Any picture in the records below stays out; return everything else exactly.

# # # # #

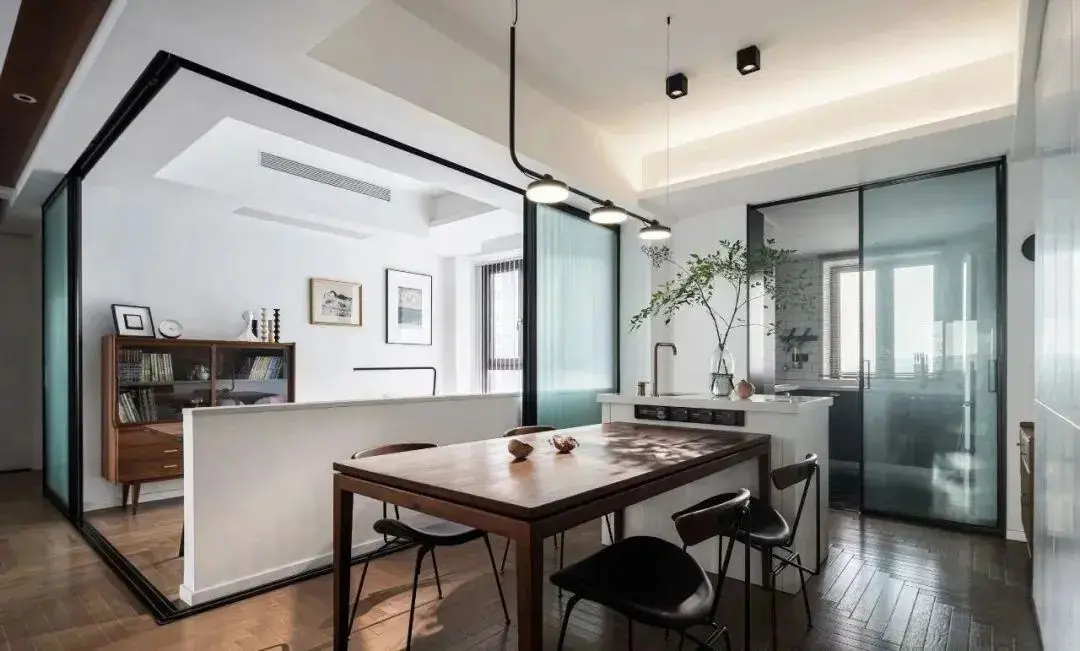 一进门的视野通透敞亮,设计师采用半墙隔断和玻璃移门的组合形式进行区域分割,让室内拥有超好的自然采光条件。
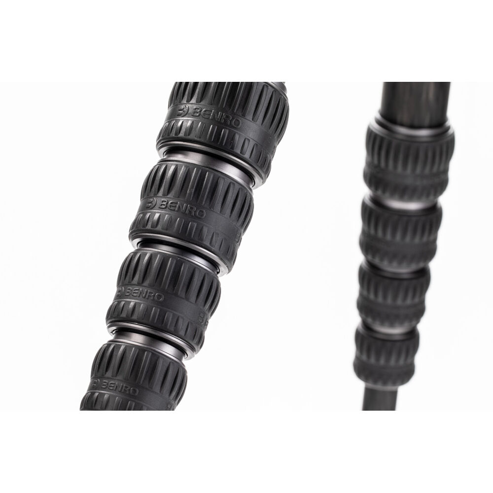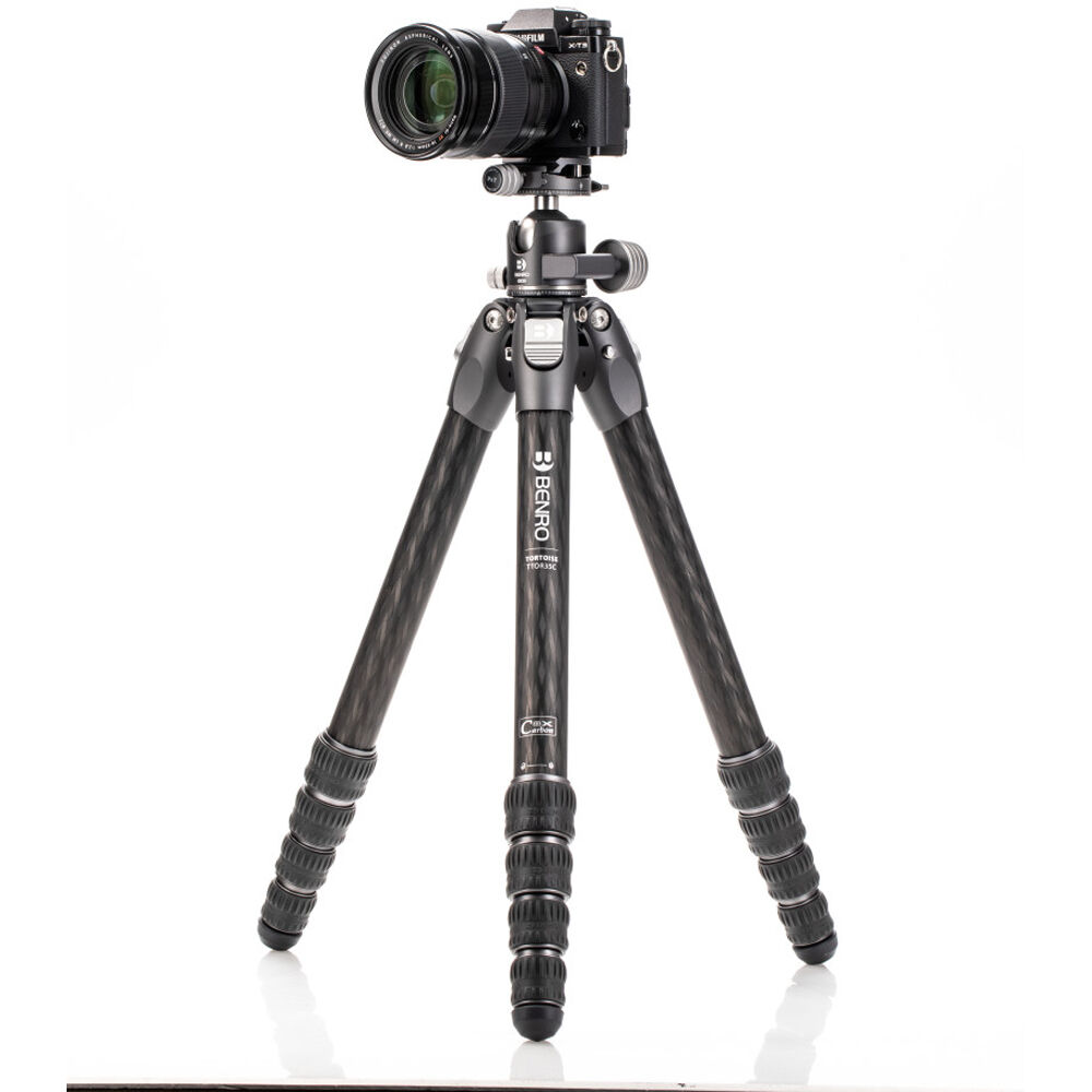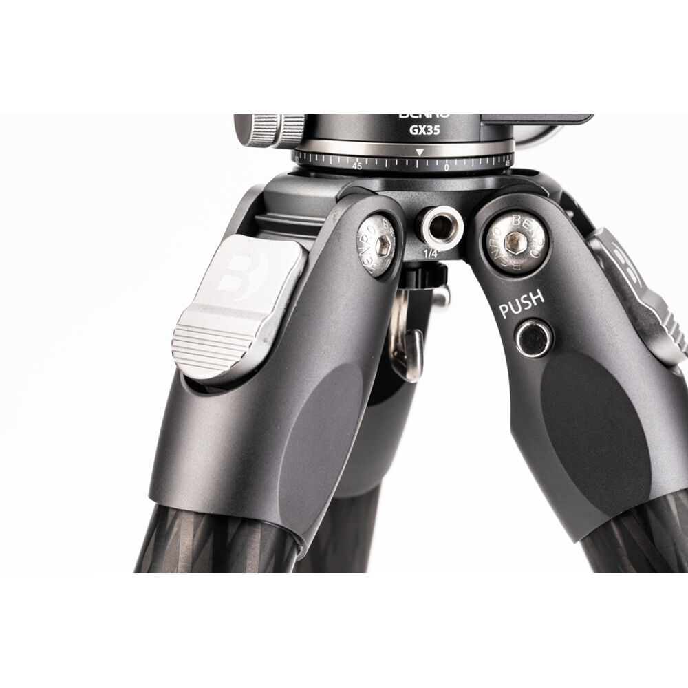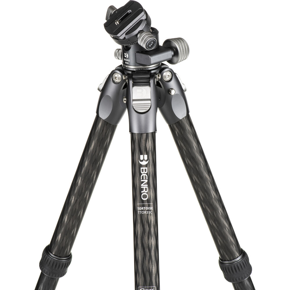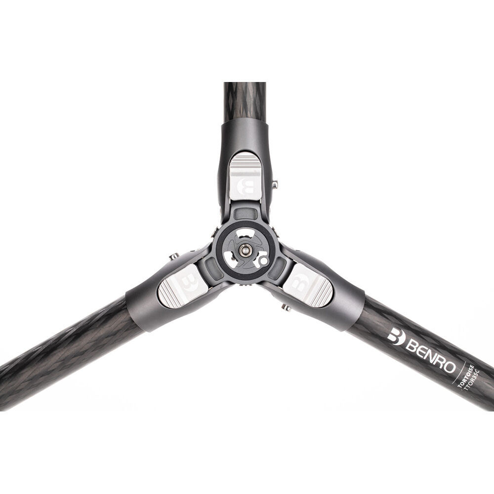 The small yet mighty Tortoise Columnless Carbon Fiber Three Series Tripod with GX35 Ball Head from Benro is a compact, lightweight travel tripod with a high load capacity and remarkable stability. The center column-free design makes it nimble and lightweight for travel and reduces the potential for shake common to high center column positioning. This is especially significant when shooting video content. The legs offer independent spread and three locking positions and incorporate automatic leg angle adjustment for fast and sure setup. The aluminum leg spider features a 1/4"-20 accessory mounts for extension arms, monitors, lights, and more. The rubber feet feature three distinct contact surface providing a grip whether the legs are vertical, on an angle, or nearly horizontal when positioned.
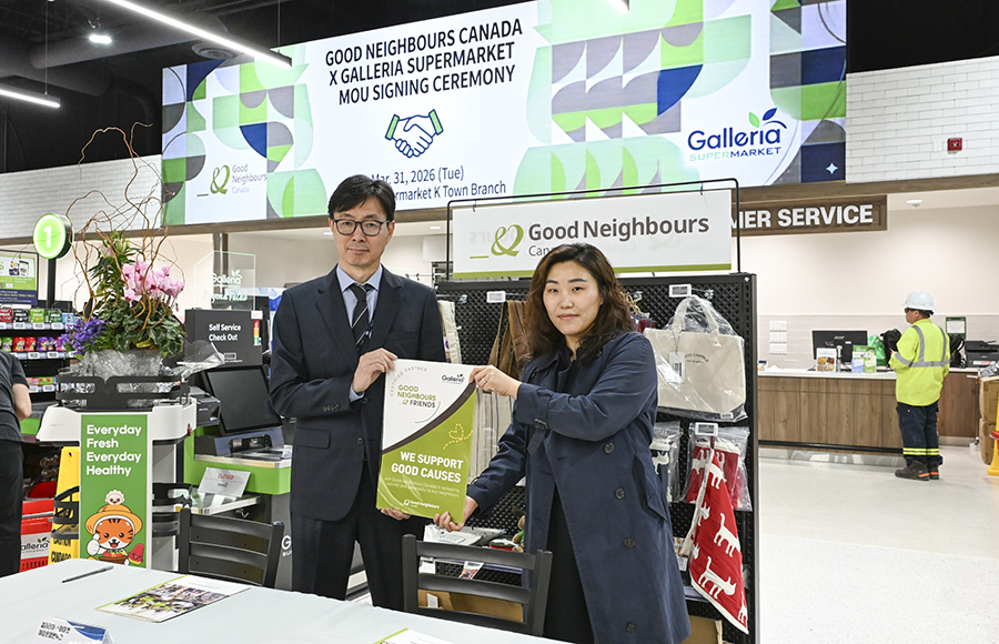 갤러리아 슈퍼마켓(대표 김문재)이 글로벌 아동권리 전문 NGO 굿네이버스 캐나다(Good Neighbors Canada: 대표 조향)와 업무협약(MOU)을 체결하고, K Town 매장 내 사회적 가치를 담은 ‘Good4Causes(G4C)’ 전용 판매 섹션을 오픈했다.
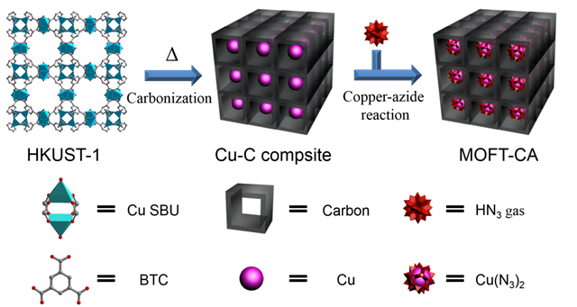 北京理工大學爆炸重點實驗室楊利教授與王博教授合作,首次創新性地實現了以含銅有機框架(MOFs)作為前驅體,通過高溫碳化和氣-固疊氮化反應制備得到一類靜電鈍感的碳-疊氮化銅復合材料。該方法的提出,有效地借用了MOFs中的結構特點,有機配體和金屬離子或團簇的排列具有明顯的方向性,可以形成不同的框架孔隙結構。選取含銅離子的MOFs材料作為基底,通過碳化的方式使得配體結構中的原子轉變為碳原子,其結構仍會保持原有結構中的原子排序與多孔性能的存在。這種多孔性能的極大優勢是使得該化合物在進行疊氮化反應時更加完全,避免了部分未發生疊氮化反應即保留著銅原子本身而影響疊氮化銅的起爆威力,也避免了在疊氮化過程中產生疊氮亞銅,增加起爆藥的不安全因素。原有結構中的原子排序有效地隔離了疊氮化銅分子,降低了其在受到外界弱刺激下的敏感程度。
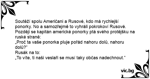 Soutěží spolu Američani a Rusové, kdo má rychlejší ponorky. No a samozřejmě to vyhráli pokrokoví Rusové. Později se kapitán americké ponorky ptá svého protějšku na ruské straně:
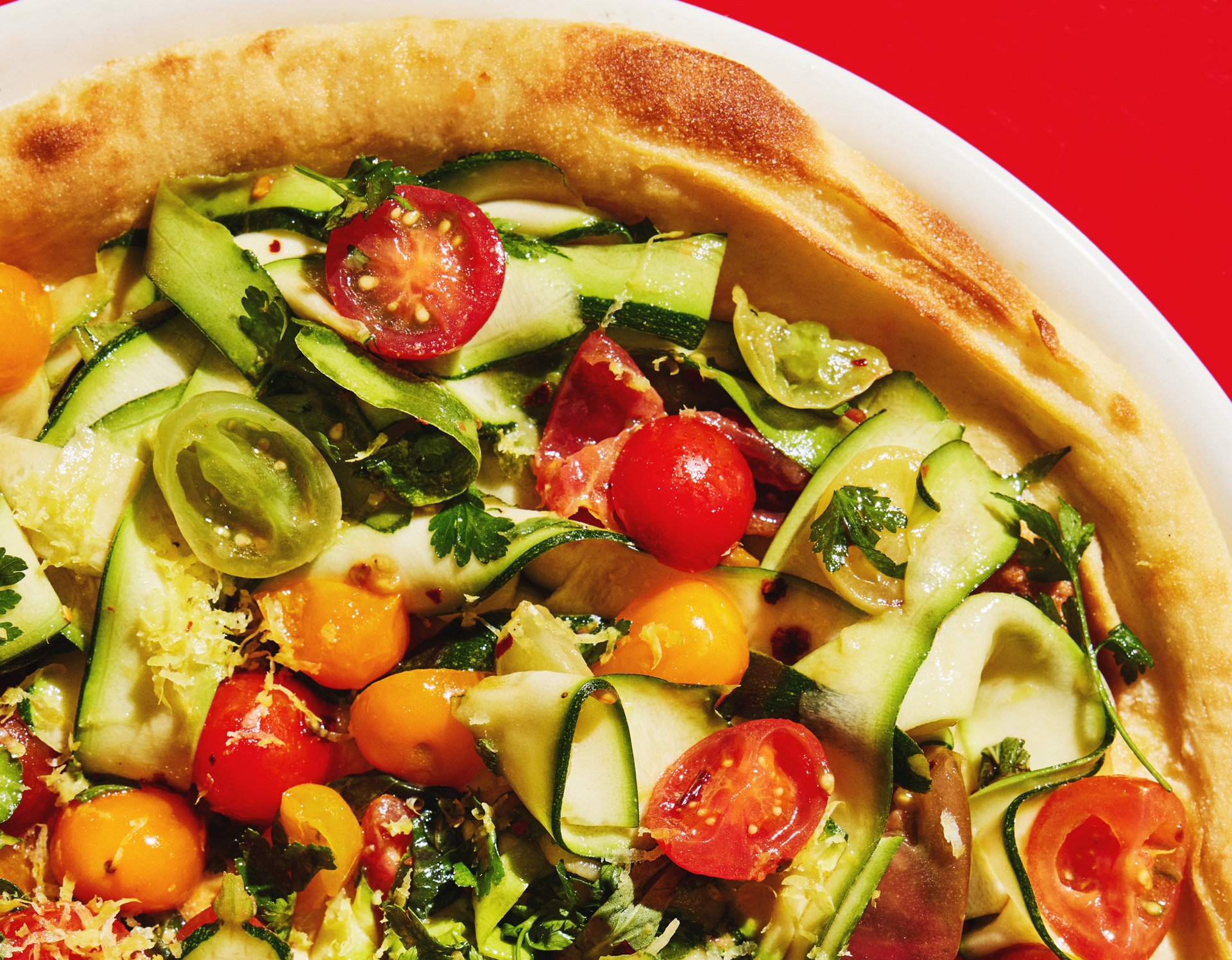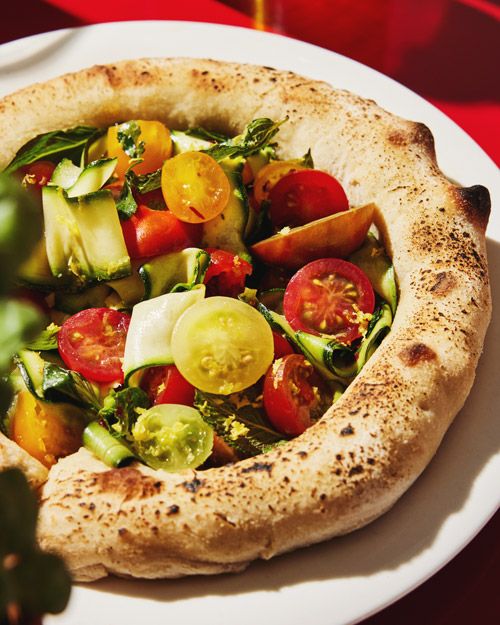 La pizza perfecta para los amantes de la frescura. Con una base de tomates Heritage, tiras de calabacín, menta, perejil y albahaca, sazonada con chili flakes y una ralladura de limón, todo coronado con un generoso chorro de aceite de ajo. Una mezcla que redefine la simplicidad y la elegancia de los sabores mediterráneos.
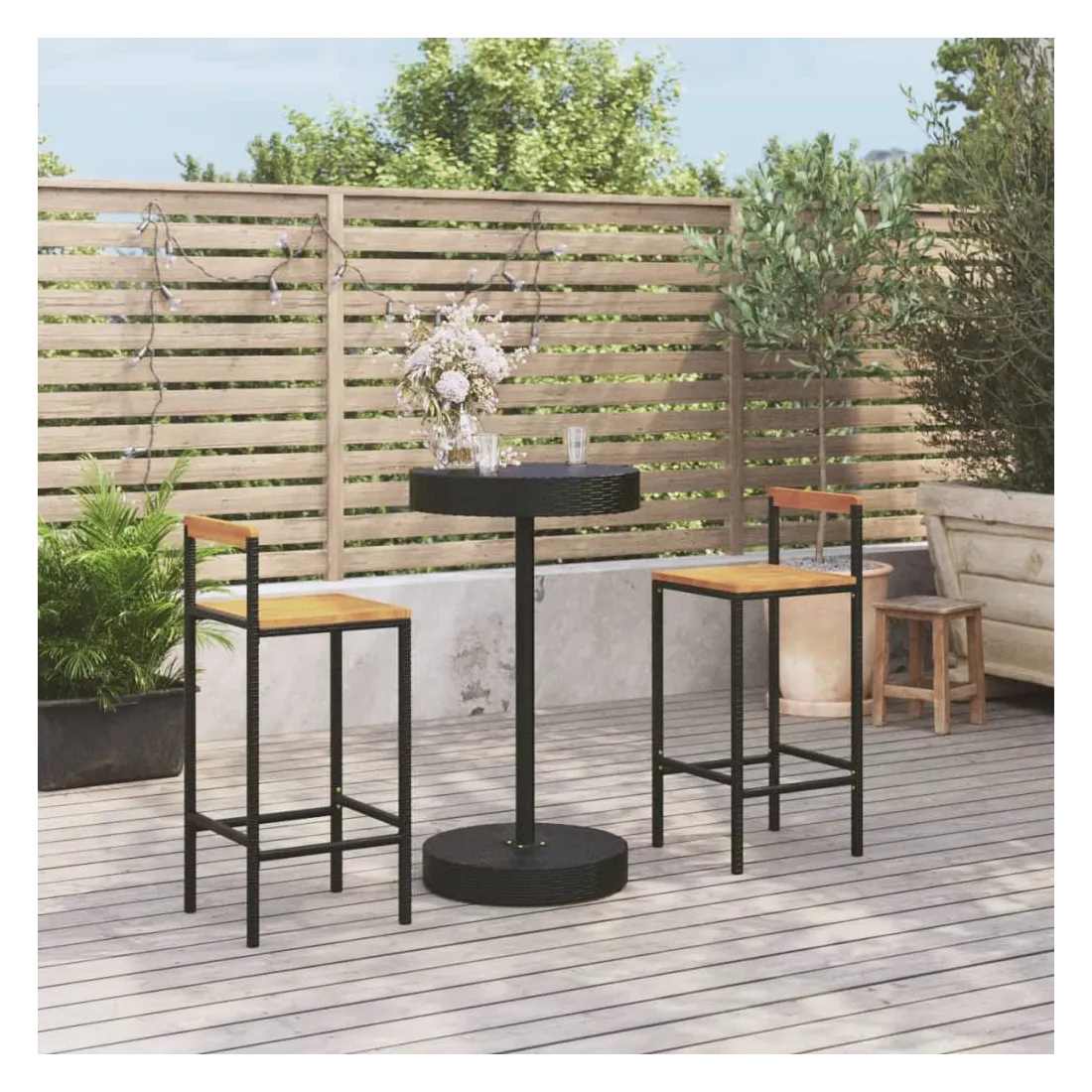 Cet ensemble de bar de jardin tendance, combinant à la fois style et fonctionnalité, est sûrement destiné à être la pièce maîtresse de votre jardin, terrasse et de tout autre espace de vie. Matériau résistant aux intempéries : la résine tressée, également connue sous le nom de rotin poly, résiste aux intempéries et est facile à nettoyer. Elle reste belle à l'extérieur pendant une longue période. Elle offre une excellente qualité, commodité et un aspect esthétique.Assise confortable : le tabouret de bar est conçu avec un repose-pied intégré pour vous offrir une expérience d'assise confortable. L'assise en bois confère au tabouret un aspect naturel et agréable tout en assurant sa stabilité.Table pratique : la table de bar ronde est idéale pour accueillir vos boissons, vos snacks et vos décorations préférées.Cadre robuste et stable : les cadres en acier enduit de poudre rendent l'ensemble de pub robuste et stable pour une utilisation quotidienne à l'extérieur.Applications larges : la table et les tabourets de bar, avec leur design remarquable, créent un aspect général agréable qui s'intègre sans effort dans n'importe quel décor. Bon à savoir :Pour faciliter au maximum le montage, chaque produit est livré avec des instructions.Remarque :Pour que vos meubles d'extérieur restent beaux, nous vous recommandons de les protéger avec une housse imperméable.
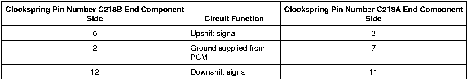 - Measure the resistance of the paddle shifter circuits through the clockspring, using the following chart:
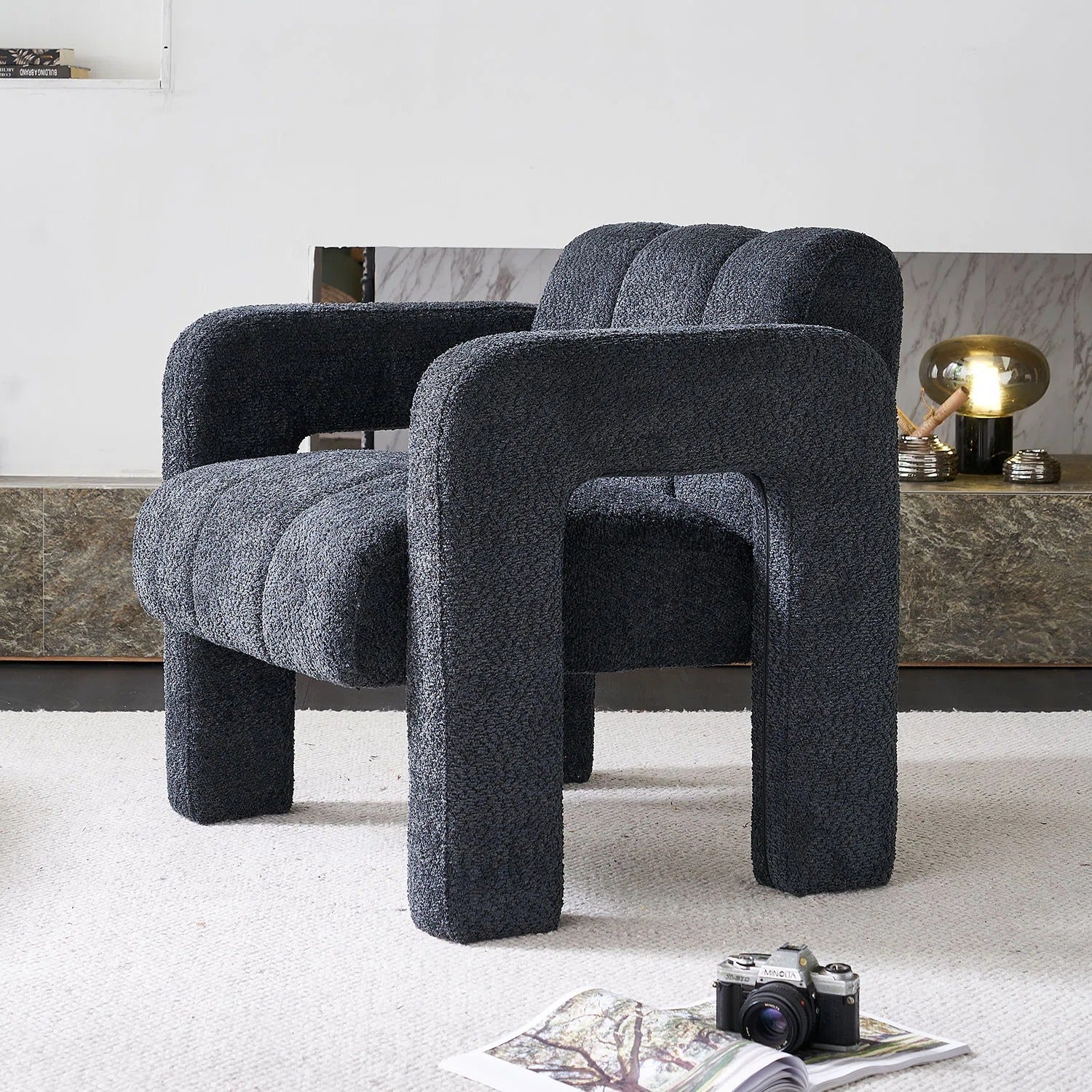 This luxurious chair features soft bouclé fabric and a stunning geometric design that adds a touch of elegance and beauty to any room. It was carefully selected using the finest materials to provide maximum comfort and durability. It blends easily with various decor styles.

# # # # #

- **Written answer**
 一进门的视野通透敞亮,设计师采用半墙隔断和玻璃移门的组合形式进行区域分割,让室内拥有超好的自然采光条件。
 The small yet mighty Tortoise Columnless Carbon Fiber Three Series Tripod with GX35 Ball Head from Benro is a compact, lightweight travel tripod with a high load capacity and remarkable stability. The center column-free design makes it nimble and lightweight for travel and reduces the potential for shake common to high center column positioning. This is especially significant when shooting video content. The legs offer independent spread and three locking positions and incorporate automatic leg angle adjustment for fast and sure setup. The aluminum leg spider features a 1/4"-20 accessory mounts for extension arms, monitors, lights, and more. The rubber feet feature three distinct contact surface providing a grip whether the legs are vertical, on an angle, or nearly horizontal when positioned.
 갤러리아 슈퍼마켓(대표 김문재)이 글로벌 아동권리 전문 NGO 굿네이버스 캐나다(Good Neighbors Canada: 대표 조향)와 업무협약(MOU)을 체결하고, K Town 매장 내 사회적 가치를 담은 ‘Good4Causes(G4C)’ 전용 판매 섹션을 오픈했다.
 北京理工大學爆炸重點實驗室楊利教授與王博教授合作,首次創新性地實現了以含銅有機框架(MOFs)作為前驅體,通過高溫碳化和氣-固疊氮化反應制備得到一類靜電鈍感的碳-疊氮化銅復合材料。該方法的提出,有效地借用了MOFs中的結構特點,有機配體和金屬離子或團簇的排列具有明顯的方向性,可以形成不同的框架孔隙結構。選取含銅離子的MOFs材料作為基底,通過碳化的方式使得配體結構中的原子轉變為碳原子,其結構仍會保持原有結構中的原子排序與多孔性能的存在。這種多孔性能的極大優勢是使得該化合物在進行疊氮化反應時更加完全,避免了部分未發生疊氮化反應即保留著銅原子本身而影響疊氮化銅的起爆威力,也避免了在疊氮化過程中產生疊氮亞銅,增加起爆藥的不安全因素。原有結構中的原子排序有效地隔離了疊氮化銅分子,降低了其在受到外界弱刺激下的敏感程度。
 Soutěží spolu Američani a Rusové, kdo má rychlejší ponorky. No a samozřejmě to vyhráli pokrokoví Rusové. Později se kapitán americké ponorky ptá svého protějšku na ruské straně:
 La pizza perfecta para los amantes de la frescura. Con una base de tomates Heritage, tiras de calabacín, menta, perejil y albahaca, sazonada con chili flakes y una ralladura de limón, todo coronado con un generoso chorro de aceite de ajo. Una mezcla que redefine la simplicidad y la elegancia de los sabores mediterráneos.
 Cet ensemble de bar de jardin tendance, combinant à la fois style et fonctionnalité, est sûrement destiné à être la pièce maîtresse de votre jardin, terrasse et de tout autre espace de vie. Matériau résistant aux intempéries : la résine tressée, également connue sous le nom de rotin poly, résiste aux intempéries et est facile à nettoyer. Elle reste belle à l'extérieur pendant une longue période. Elle offre une excellente qualité, commodité et un aspect esthétique.Assise confortable : le tabouret de bar est conçu avec un repose-pied intégré pour vous offrir une expérience d'assise confortable. L'assise en bois confère au tabouret un aspect naturel et agréable tout en assurant sa stabilité.Table pratique : la table de bar ronde est idéale pour accueillir vos boissons, vos snacks et vos décorations préférées.Cadre robuste et stable : les cadres en acier enduit de poudre rendent l'ensemble de pub robuste et stable pour une utilisation quotidienne à l'extérieur.Applications larges : la table et les tabourets de bar, avec leur design remarquable, créent un aspect général agréable qui s'intègre sans effort dans n'importe quel décor. Bon à savoir :Pour faciliter au maximum le montage, chaque produit est livré avec des instructions.Remarque :Pour que vos meubles d'extérieur restent beaux, nous vous recommandons de les protéger avec une housse imperméable.
 - Measure the resistance of the paddle shifter circuits through the clockspring, using the following chart:
 This luxurious chair features soft bouclé fabric and a stunning geometric design that adds a touch of elegance and beauty to any room. It was carefully selected using the finest materials to provide maximum comfort and durability. It blends easily with various decor styles.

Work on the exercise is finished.